Head SHA: 41d6c846e7ec202c56299d8f1b790090004b230f

Overall Assessment

⚠️ Needs changes

Executive Summary

Re-review: the prior cluster/Webb guidance issue appears resolved. The new tutorial now describes multiplier-bootstrap weight options without importing unsupported clustered-inference advice for EfficientDiD.
Re-review: most of the earlier PT-Post/Callaway-Sant’Anna equivalence overstatement has been corrected, but two residual phrases still present PT-Post as generally “CS-equivalent.”
That is still broader than the documented and tested behavior: PT-Post in this library fixes the baseline at g-1-anticipation, CallawaySantAnna still defaults to base_period="varying", and the exact-match regression test only asserts post-treatment ATT(g,t) equality.
The new API page and notebook still use a citation variant that does not match the Methodology Registry’s canonical EfficientDiD reference.
I did not find code quality, performance, maintainability, tech-debt, or security blockers in the changed files.

Methodology

Severity P1. Impact: the re-review still leaves residual PT-Post equivalence wording in docs/tutorials/15_efficient_did.ipynb:L77 and docs/choosing_estimator.rst:L241. That wording is broader than the method described in docs/methodology/REGISTRY.md:L493, the PT-Post implementation in diff_diff/efficient_did_weights.py:L59 and diff_diff/efficient_did.py:L313, the default CS base-period behavior in diff_diff/staggered.py:L475, and the exact-match test scope in tests/test_efficient_did.py:L908. Users can still reasonably read “CS-equivalent” / “same point estimates as CS” as full equivalence, even though the implementation only aligns cleanly with post-treatment ATT(g,t) under the never-treated comparison. Concrete fix: rewrite those remaining phrases to say “matches CallawaySantAnna(control_group='never_treated') for post-treatment ATT(g,t) / post-treatment aggregations,” and note that pre-treatment/event-study comparisons differ under CS’s default base_period="varying" unless CS is compared with base_period="universal".

Code Quality

No findings.

Performance

No findings.

Maintainability

No findings.

Tech Debt

No findings. This PR appears to address the tracked EfficientDiD docs/tutorial item in TODO.md:L49.

Security

No findings.

Documentation/Tests

Severity P3. Impact: the new EfficientDiD API page and tutorial still use a bibliography form that differs from the Methodology Registry’s canonical reference in docs/methodology/REGISTRY.md:L484; see docs/api/efficient_did.rst:L29 and docs/tutorials/15_efficient_did.ipynb:L502. This is informational, but it makes methodology references less consistent to audit. Concrete fix: reuse the registry citation text verbatim in the API page and notebook, or centralize the citation so the docs cannot drift.

Path to Approval

Replace the remaining unscoped PT-Post/CS-equivalence wording in the tutorial intro and chooser example with wording limited to post-treatment ATT(g,t) / post-treatment aggregations, and explicitly preserve the existing caveat that CS’s default pre-treatment/event-study outputs differ because of base_period="varying".

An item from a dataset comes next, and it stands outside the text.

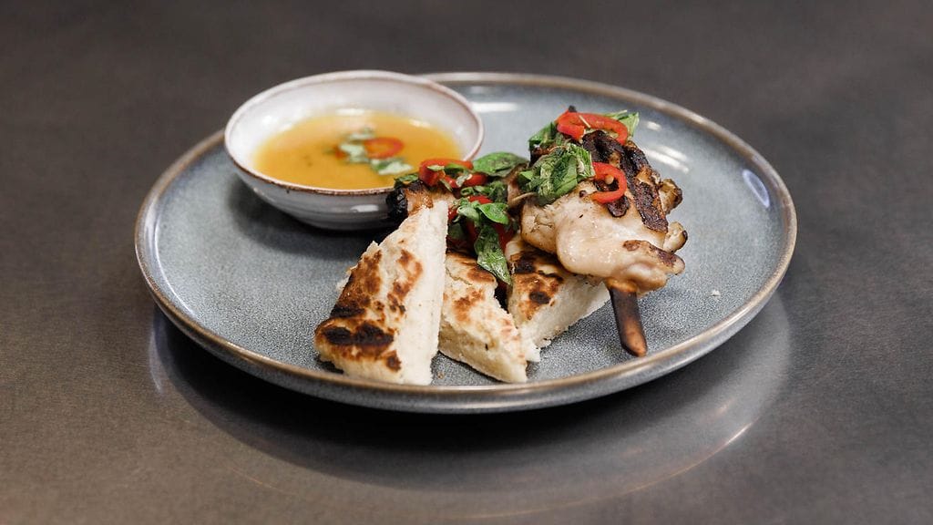 Soseuta kookoksen hedelmäliha sauvasekoittimella korkeareunaisessa kulhossa, lisää tarvittaessa seokseen vettä. Lisää kookosseokseen 1 teelusikallinen leivinjauhetta, noin 2dl vehnäjauhoja ja 1 tl suolaa ja noin 25g voita. Muotoile taikinasta ohuita pyöreitä leipiä ja paista kuumalla kuivalla pannulla molemmin puolin noin 2 minuuttia.

- Scope "same point estimates as CS" → "matching post-treatment ATT(g,t) with CS" - Scope "CS-equivalent" → "post-treatment CS match" in code comment - Remove "*Working Paper*" suffix from citations to match REGISTRY.md Co-Authored-By: Claude Opus 4.6 (1M context) <noreply@anthropic.com>

igerber · 2026-03-15T16:21:59Z

/ai-review

github-actions · 2026-03-15T16:26:49Z

🔁 AI review rerun (requested by @igerber)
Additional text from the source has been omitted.